YOUR GOAL: The answer must consist solely of the lines below starting at the one containing "З 28 жовтня" and ending at the one containing "Quite how did", repeated exactly, with both ends included and all pictures omitted.

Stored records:
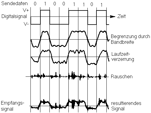 Die Geschwindigkeit, mit der ein sinusförmiges Signal in einem Medium transportiert wird, variiert mit der Freqenz. Wenn also ein Rechtecksignal übertragen wird, das wir uns als Gemisch von Sinussignalen unterschiedlicher Frequenz vorstellen, dann kommen die einzelnen Frequenzanteile zu verschiedenen Zeiten beim Empfänger an (Laufzeitverzerrungen). Die Verzerrungen nehmen mit steigender Datenrate noch zu, weil das Signalgemisch nicht homogen wie bei einem stetigen 0-1-Wechsel ist. Die Signalanteile, die durch die Flanken des Digitalsignals hervorgerufen werden, kommen häufiger vor und interferieren zusätzlich mit anderen Signalanteilen. Man spricht deshalb auch von 'Intersymbol-Interferenzen'. Diese können dazu führen, daß bei der Abtastung des Signals beim Empfänger in der nominellen Bitmitte Fehler auftreten können. Bei manchen Empfängerschaltungen versucht man diesen Fehler zu umgehen, indem der Abtastzeitpunkt adaptiv geändert wird. Die Laufzeitverzerrungen sind auch der Grund dafür, daß nicht beliebig viele Repeater hintereinandergeschaltet werden können.
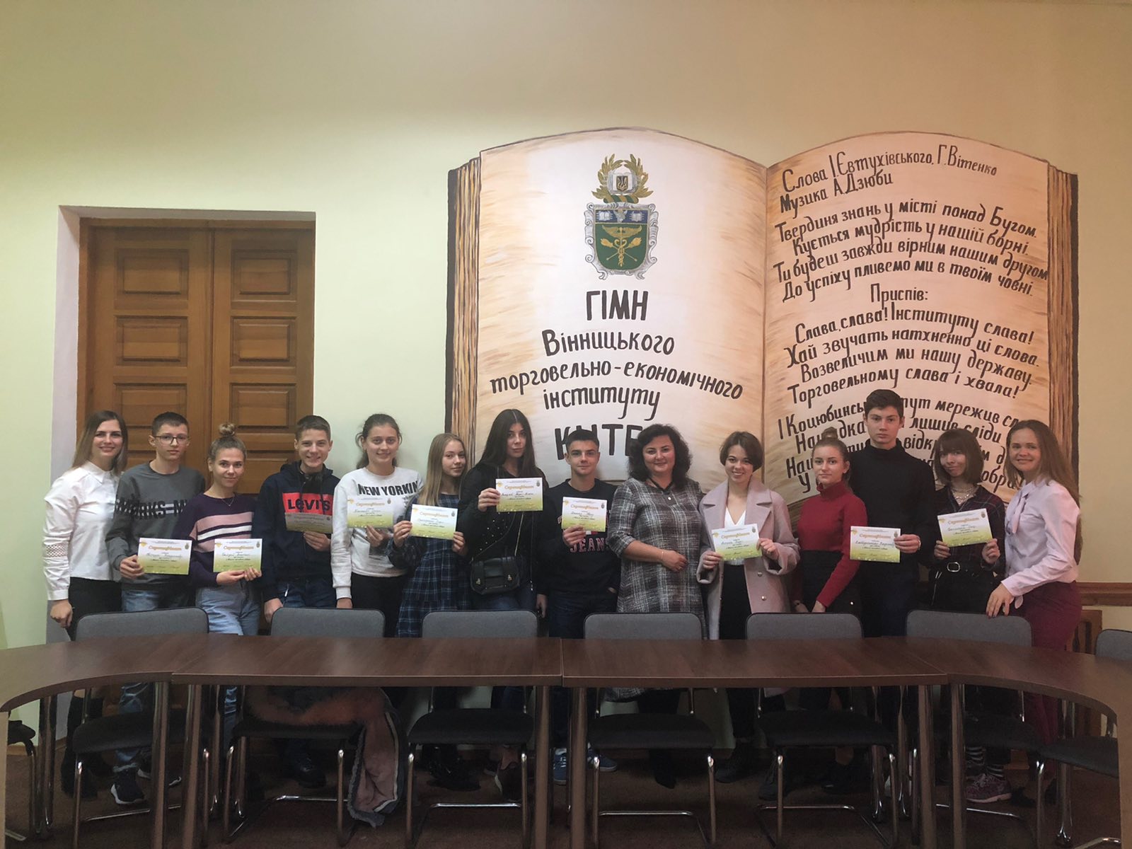 З 28 жовтня по 30 жовтня 2019 року у ВТЕІ КНТЕУ було проведено ШКОЛУ МОЛОДОГО ЛІДЕРА. До роботи школи долучилися 15 школярів 9-11 класів м. Вінниці та Вінницького району, в саме: школи 3, 8, 18, 20, 23, 27, 30, 31 Вінницький технічний ліцей та Стрижавський ліцей. Тренерами виступили викладачі кафедри менеджменту та адміністрування Махначова Н.М., Іванченко Г.В., Семенюк І.Ю.
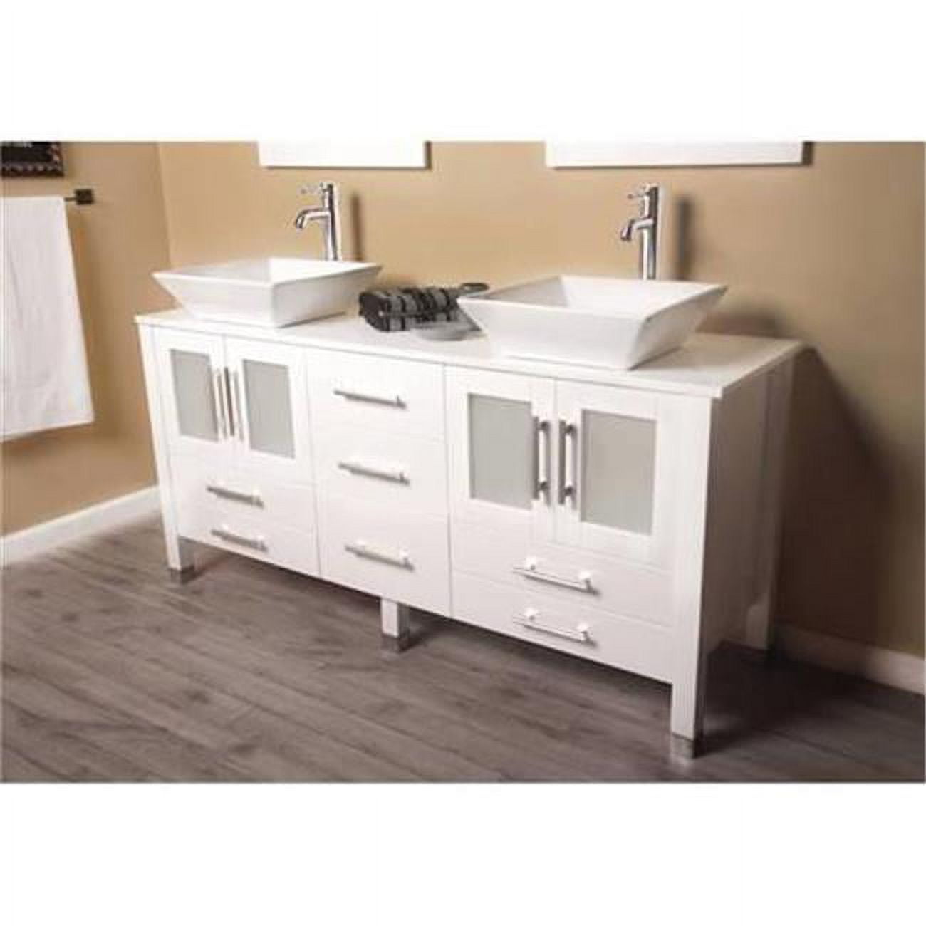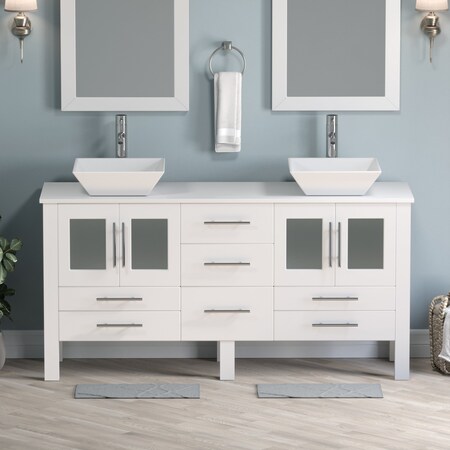 Cambridge Plumbing 63 inch Solid White Wood Vanity with Porcelain Counter top and Two Matching Vessel Sinks. Two Long-stemmed Chrome faucets and drains.
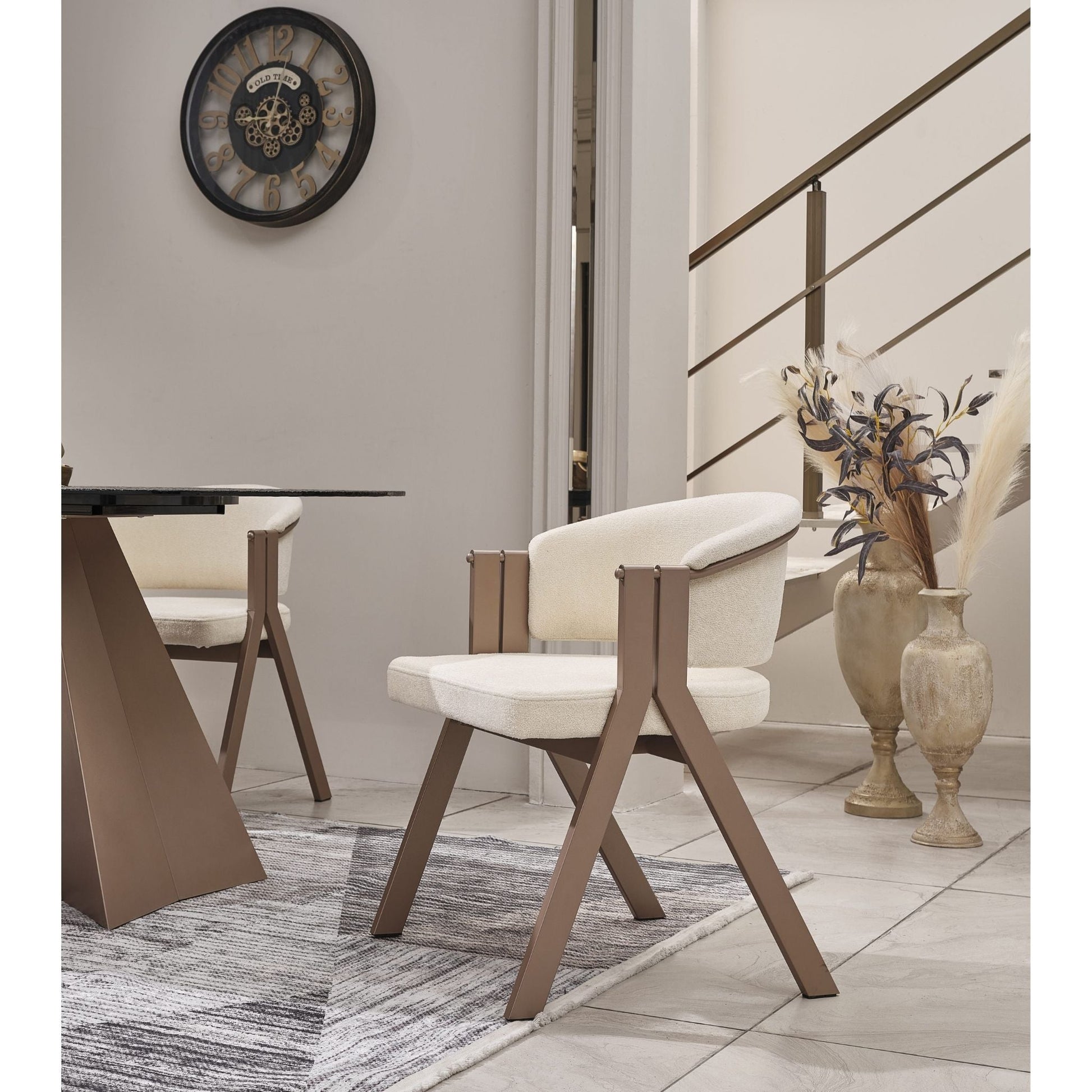 Die Roma-Stühle mit gepolstertem Sitz und Rückenlehne fügen sich mit ihrer geschwungenen Form perfekt in das Gesamtkonzept ein – sie bieten hohen Komfort und runden den eleganten Look harmonisch ab.
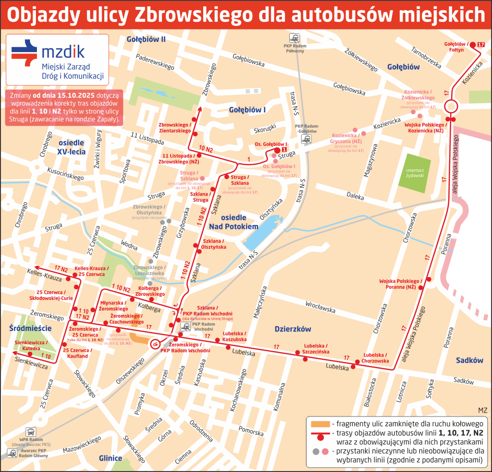 Objazd dla linii 17 nie zmieni się - w obu kierunkach: 25 Czerwca, Żeromskiego, Lubelska, aleja Wojska Polskiego, Kozienicka.
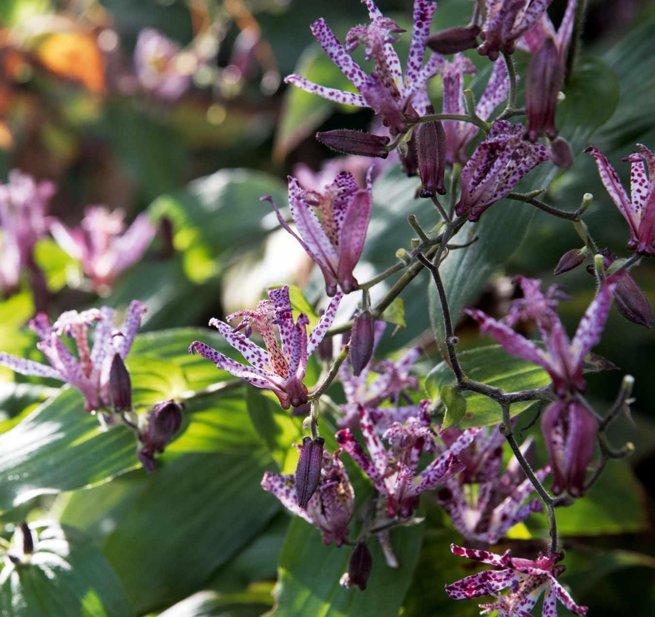 Quite how did a plant this beautiful, this delicate, this finely marked and this useful end up with the unalluring common name of toad lily? True, it is lilyish but I am stumped for the toad connection – except the mottling of the petals might be a bit toady? I love a toad for many reasons (not least its slug-devouring capabilities) but only its mother would appreciate its good looks!
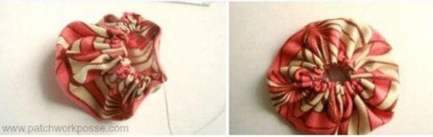 5.-Al terminar de hilvanar, jala el hilo y frunce lo cosido dirigiendolo hacia el centro, con los dedos acomoda el yoyo, para que te quede bonita y redondita.
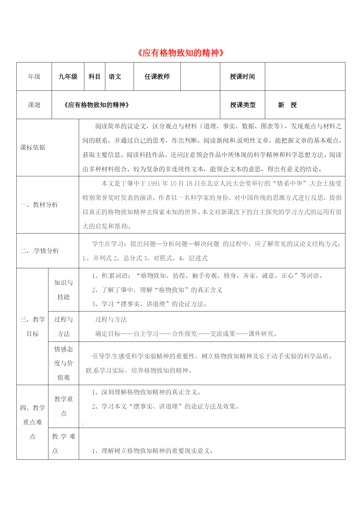 应有格物致知精神教学目标:1.理解真正的格物致知的精神。2.理解文章的论证方法。3.学习编写阅读提纲。重点难点:(l)理解真正的格物致知的精神。(2)学习编写阅读提纲。(3)理解文章的论证方法。教学时间:一课时教学过程一、导入1.作者简介。2导语。有人说中国的孩子“高分低能”“会读书不会研究”缺乏创新精神和实践动手能力。问题出在哪里呢?丁肇中教授的文章会给我们极大的启发。三、整体感知1.默读课文,讨论编写阅读提纲。讨论并归纳:可从提出问题、分析问题、解决问题这三个部分来列提纲。第一部分(l~2段):提出问
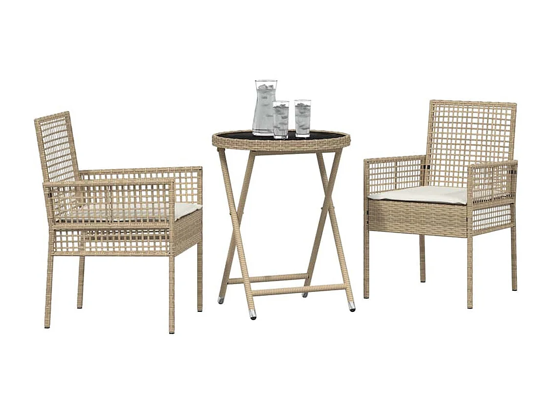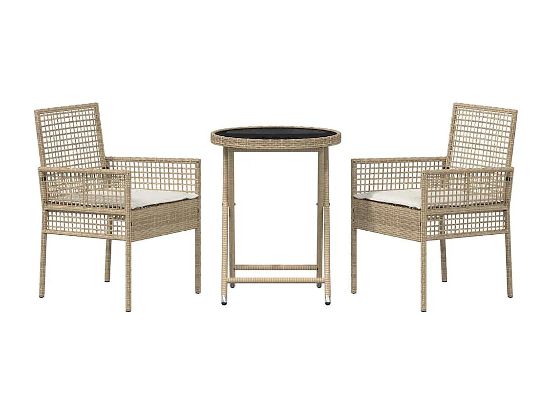 Ensemble bistro de jardin 3 pièces Beige polyrotin
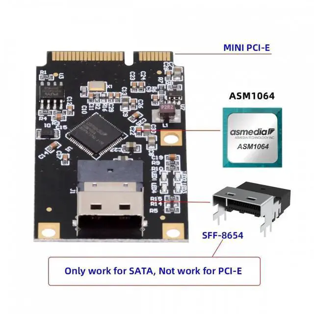 Slimline SFF-8654 can convertfour SATA3.0 interfaces, which can be connected to an SSD solid state hard disk as a system disk, and supports transmission rates of 6.0Gbps, 3.0Gbps, 1.5Gbps.The slimline to 4 SATA not include.
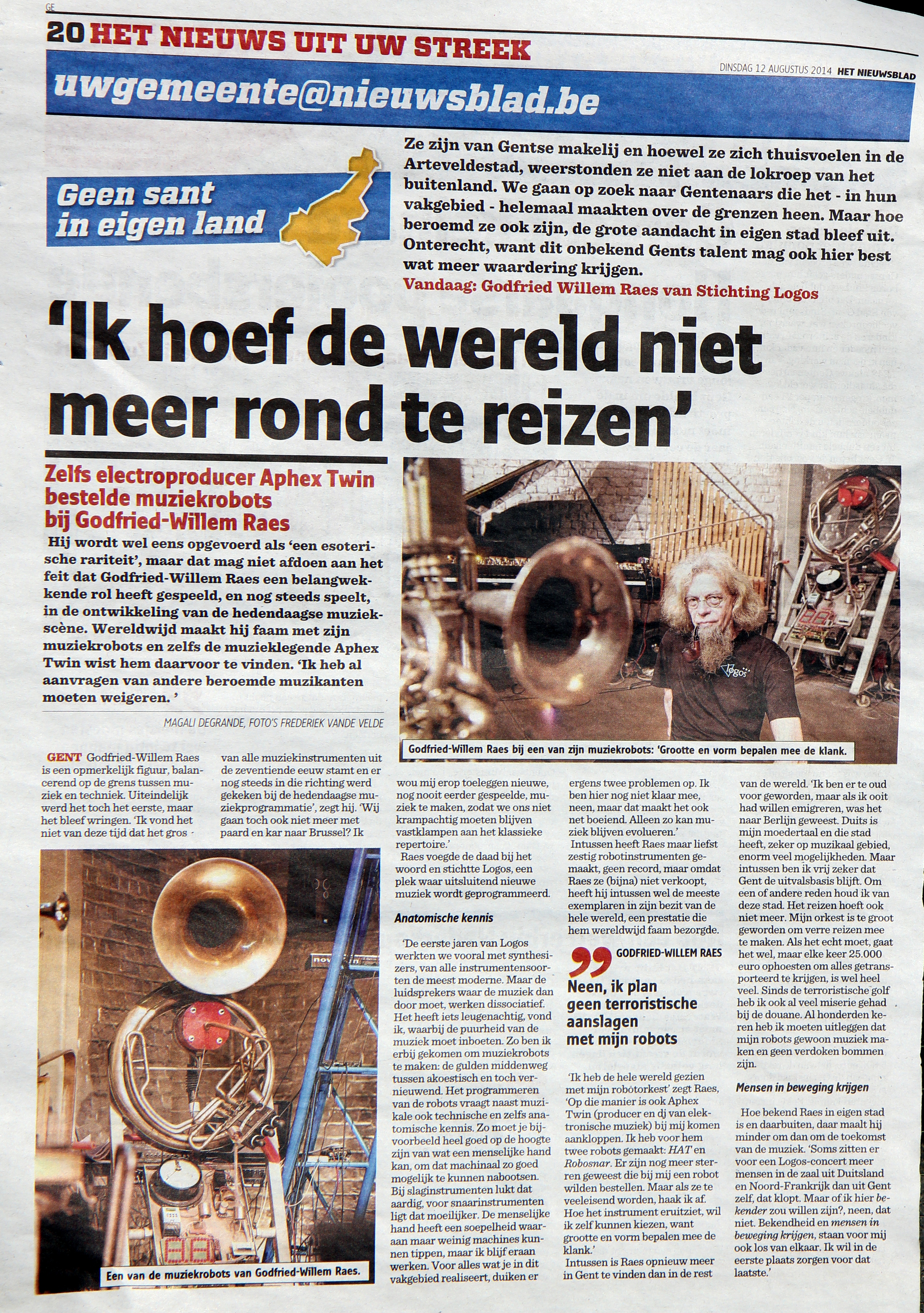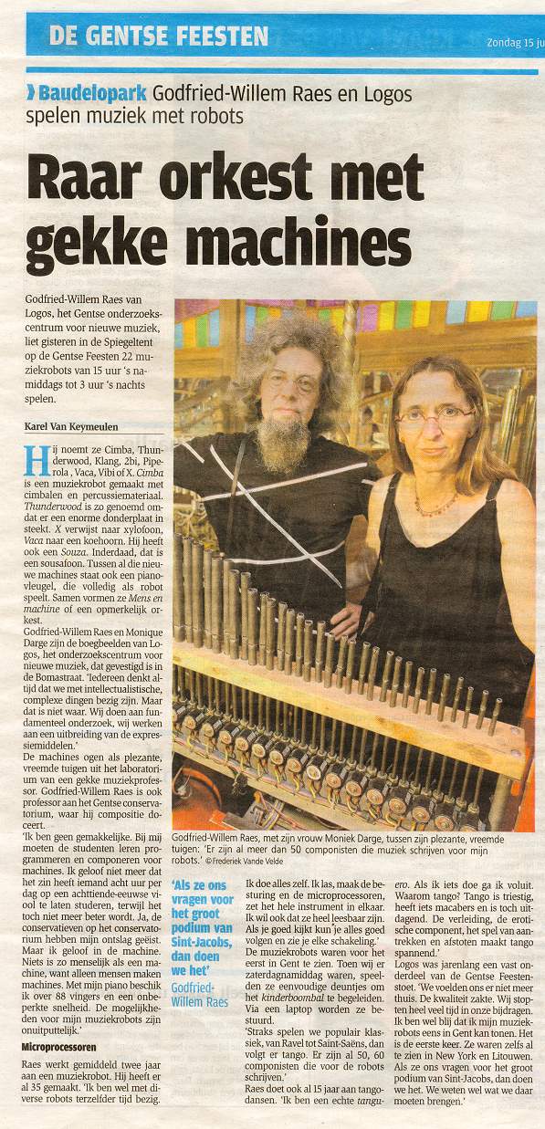 | Interview: Raar orkest met gekke machines: Godfried-Willem Raes en Logos spelen muziek met robots. | Karel Van Keymeylen | De Gentenaar, 15.07.2007, p.25 | 2007 | dutch |

ANSWER FOR THE TASK:
 З 28 жовтня по 30 жовтня 2019 року у ВТЕІ КНТЕУ було проведено ШКОЛУ МОЛОДОГО ЛІДЕРА. До роботи школи долучилися 15 школярів 9-11 класів м. Вінниці та Вінницького району, в саме: школи 3, 8, 18, 20, 23, 27, 30, 31 Вінницький технічний ліцей та Стрижавський ліцей. Тренерами виступили викладачі кафедри менеджменту та адміністрування Махначова Н.М., Іванченко Г.В., Семенюк І.Ю.
 Cambridge Plumbing 63 inch Solid White Wood Vanity with Porcelain Counter top and Two Matching Vessel Sinks. Two Long-stemmed Chrome faucets and drains.
 Die Roma-Stühle mit gepolstertem Sitz und Rückenlehne fügen sich mit ihrer geschwungenen Form perfekt in das Gesamtkonzept ein – sie bieten hohen Komfort und runden den eleganten Look harmonisch ab.
 Objazd dla linii 17 nie zmieni się - w obu kierunkach: 25 Czerwca, Żeromskiego, Lubelska, aleja Wojska Polskiego, Kozienicka.
 Quite how did a plant this beautiful, this delicate, this finely marked and this useful end up with the unalluring common name of toad lily? True, it is lilyish but I am stumped for the toad connection – except the mottling of the petals might be a bit toady? I love a toad for many reasons (not least its slug-devouring capabilities) but only its mother would appreciate its good looks!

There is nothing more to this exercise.